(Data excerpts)
==================================================

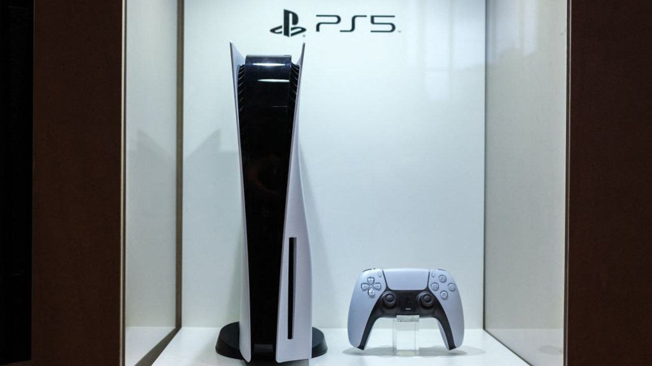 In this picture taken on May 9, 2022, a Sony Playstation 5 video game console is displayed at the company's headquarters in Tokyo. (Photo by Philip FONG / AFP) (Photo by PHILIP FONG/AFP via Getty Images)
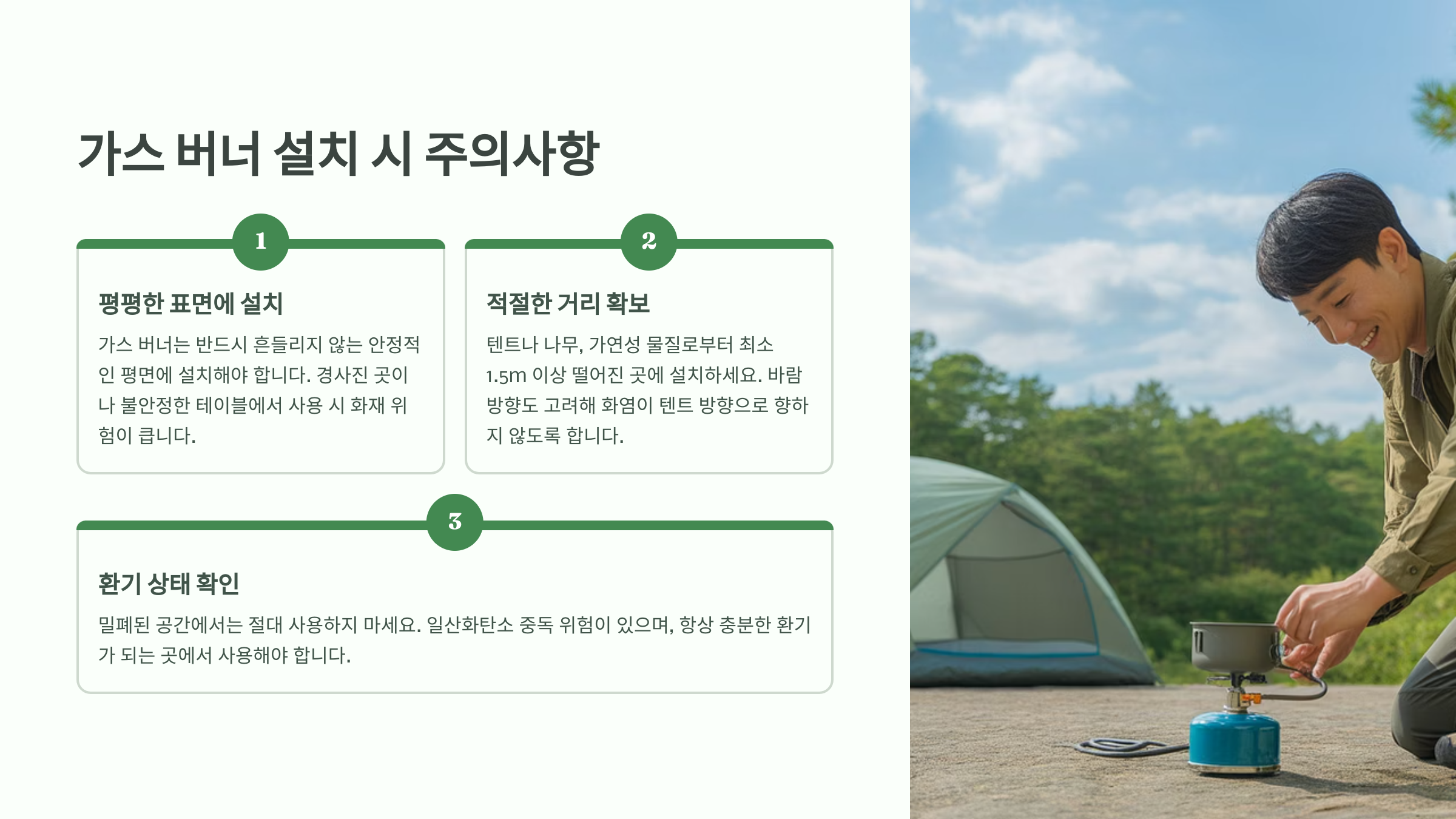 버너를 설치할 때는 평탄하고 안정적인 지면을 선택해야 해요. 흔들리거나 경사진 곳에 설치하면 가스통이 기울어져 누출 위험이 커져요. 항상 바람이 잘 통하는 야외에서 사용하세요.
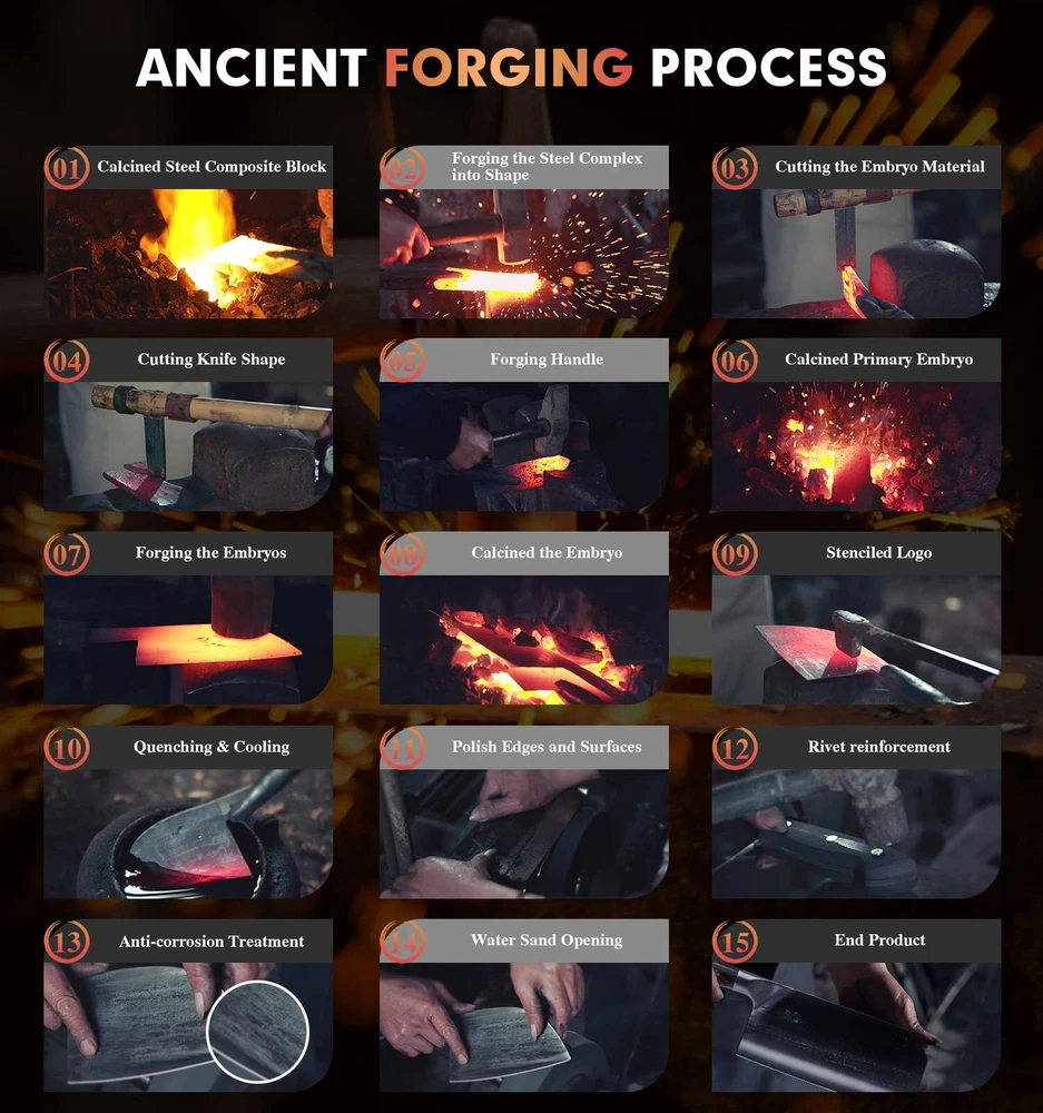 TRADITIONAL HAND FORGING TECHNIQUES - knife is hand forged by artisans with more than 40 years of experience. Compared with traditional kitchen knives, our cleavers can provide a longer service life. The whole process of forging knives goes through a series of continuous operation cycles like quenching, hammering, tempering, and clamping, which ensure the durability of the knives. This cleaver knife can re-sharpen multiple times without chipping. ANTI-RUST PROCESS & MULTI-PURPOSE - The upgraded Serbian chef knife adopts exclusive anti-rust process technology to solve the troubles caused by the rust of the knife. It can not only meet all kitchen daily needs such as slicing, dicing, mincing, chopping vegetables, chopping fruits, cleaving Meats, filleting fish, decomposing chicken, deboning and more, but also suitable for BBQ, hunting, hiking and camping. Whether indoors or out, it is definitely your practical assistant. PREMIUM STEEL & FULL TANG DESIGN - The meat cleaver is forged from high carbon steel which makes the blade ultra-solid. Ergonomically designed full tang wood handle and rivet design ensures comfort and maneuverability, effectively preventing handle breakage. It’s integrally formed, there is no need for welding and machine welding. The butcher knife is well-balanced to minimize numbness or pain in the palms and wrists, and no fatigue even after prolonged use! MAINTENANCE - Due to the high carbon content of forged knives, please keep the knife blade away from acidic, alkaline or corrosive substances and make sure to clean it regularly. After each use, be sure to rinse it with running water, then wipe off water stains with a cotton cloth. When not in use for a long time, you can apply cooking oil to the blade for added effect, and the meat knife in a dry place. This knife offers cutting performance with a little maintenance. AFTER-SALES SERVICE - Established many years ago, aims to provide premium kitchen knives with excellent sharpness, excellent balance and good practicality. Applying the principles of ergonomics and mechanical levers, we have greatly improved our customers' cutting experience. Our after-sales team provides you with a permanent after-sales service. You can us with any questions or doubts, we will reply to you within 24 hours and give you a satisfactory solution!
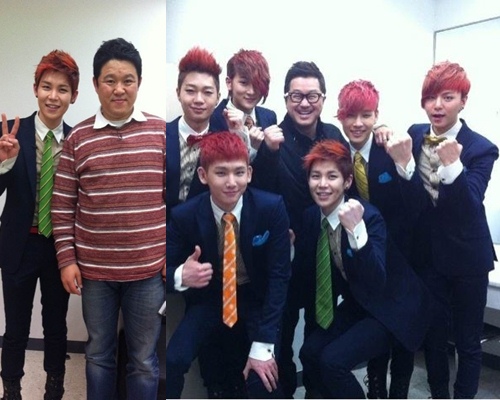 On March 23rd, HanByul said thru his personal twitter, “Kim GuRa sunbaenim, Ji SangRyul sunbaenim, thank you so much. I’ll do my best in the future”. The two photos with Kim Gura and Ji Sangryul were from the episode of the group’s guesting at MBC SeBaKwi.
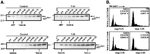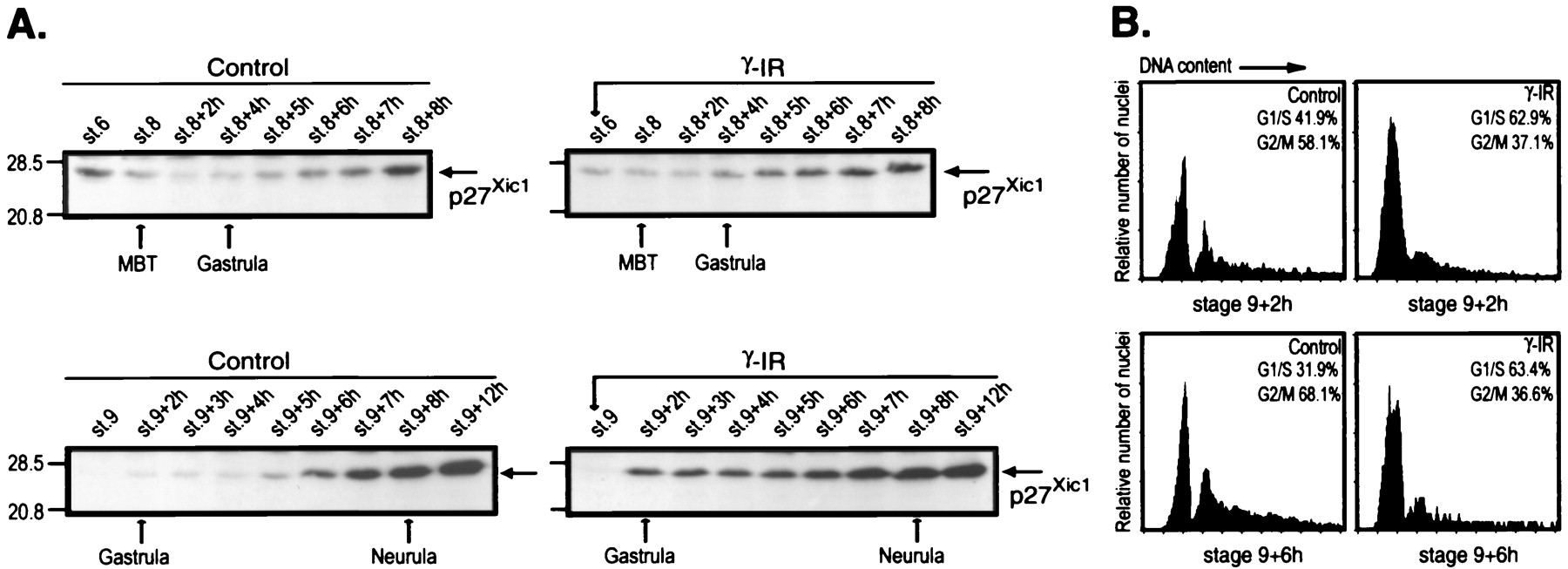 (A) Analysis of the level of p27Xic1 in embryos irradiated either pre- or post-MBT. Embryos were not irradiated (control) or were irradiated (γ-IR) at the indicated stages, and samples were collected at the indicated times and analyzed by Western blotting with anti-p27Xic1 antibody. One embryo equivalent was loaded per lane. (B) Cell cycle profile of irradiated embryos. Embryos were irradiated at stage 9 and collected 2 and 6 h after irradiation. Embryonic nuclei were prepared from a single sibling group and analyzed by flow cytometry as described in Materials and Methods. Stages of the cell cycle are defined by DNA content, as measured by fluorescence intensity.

==================================================

YOUR ASSIGNMENT: Write the data above out exactly. Leave out any pictures.

WRITTEN RESPONSE:
 In this picture taken on May 9, 2022, a Sony Playstation 5 video game console is displayed at the company's headquarters in Tokyo. (Photo by Philip FONG / AFP) (Photo by PHILIP FONG/AFP via Getty Images)
 버너를 설치할 때는 평탄하고 안정적인 지면을 선택해야 해요. 흔들리거나 경사진 곳에 설치하면 가스통이 기울어져 누출 위험이 커져요. 항상 바람이 잘 통하는 야외에서 사용하세요.
 TRADITIONAL HAND FORGING TECHNIQUES - knife is hand forged by artisans with more than 40 years of experience. Compared with traditional kitchen knives, our cleavers can provide a longer service life. The whole process of forging knives goes through a series of continuous operation cycles like quenching, hammering, tempering, and clamping, which ensure the durability of the knives. This cleaver knife can re-sharpen multiple times without chipping. ANTI-RUST PROCESS & MULTI-PURPOSE - The upgraded Serbian chef knife adopts exclusive anti-rust process technology to solve the troubles caused by the rust of the knife. It can not only meet all kitchen daily needs such as slicing, dicing, mincing, chopping vegetables, chopping fruits, cleaving Meats, filleting fish, decomposing chicken, deboning and more, but also suitable for BBQ, hunting, hiking and camping. Whether indoors or out, it is definitely your practical assistant. PREMIUM STEEL & FULL TANG DESIGN - The meat cleaver is forged from high carbon steel which makes the blade ultra-solid. Ergonomically designed full tang wood handle and rivet design ensures comfort and maneuverability, effectively preventing handle breakage. It’s integrally formed, there is no need for welding and machine welding. The butcher knife is well-balanced to minimize numbness or pain in the palms and wrists, and no fatigue even after prolonged use! MAINTENANCE - Due to the high carbon content of forged knives, please keep the knife blade away from acidic, alkaline or corrosive substances and make sure to clean it regularly. After each use, be sure to rinse it with running water, then wipe off water stains with a cotton cloth. When not in use for a long time, you can apply cooking oil to the blade for added effect, and the meat knife in a dry place. This knife offers cutting performance with a little maintenance. AFTER-SALES SERVICE - Established many years ago, aims to provide premium kitchen knives with excellent sharpness, excellent balance and good practicality. Applying the principles of ergonomics and mechanical levers, we have greatly improved our customers' cutting experience. Our after-sales team provides you with a permanent after-sales service. You can us with any questions or doubts, we will reply to you within 24 hours and give you a satisfactory solution!
 On March 23rd, HanByul said thru his personal twitter, “Kim GuRa sunbaenim, Ji SangRyul sunbaenim, thank you so much. I’ll do my best in the future”. The two photos with Kim Gura and Ji Sangryul were from the episode of the group’s guesting at MBC SeBaKwi.
 (A) Analysis of the level of p27Xic1 in embryos irradiated either pre- or post-MBT. Embryos were not irradiated (control) or were irradiated (γ-IR) at the indicated stages, and samples were collected at the indicated times and analyzed by Western blotting with anti-p27Xic1 antibody. One embryo equivalent was loaded per lane. (B) Cell cycle profile of irradiated embryos. Embryos were irradiated at stage 9 and collected 2 and 6 h after irradiation. Embryonic nuclei were prepared from a single sibling group and analyzed by flow cytometry as described in Materials and Methods. Stages of the cell cycle are defined by DNA content, as measured by fluorescence intensity.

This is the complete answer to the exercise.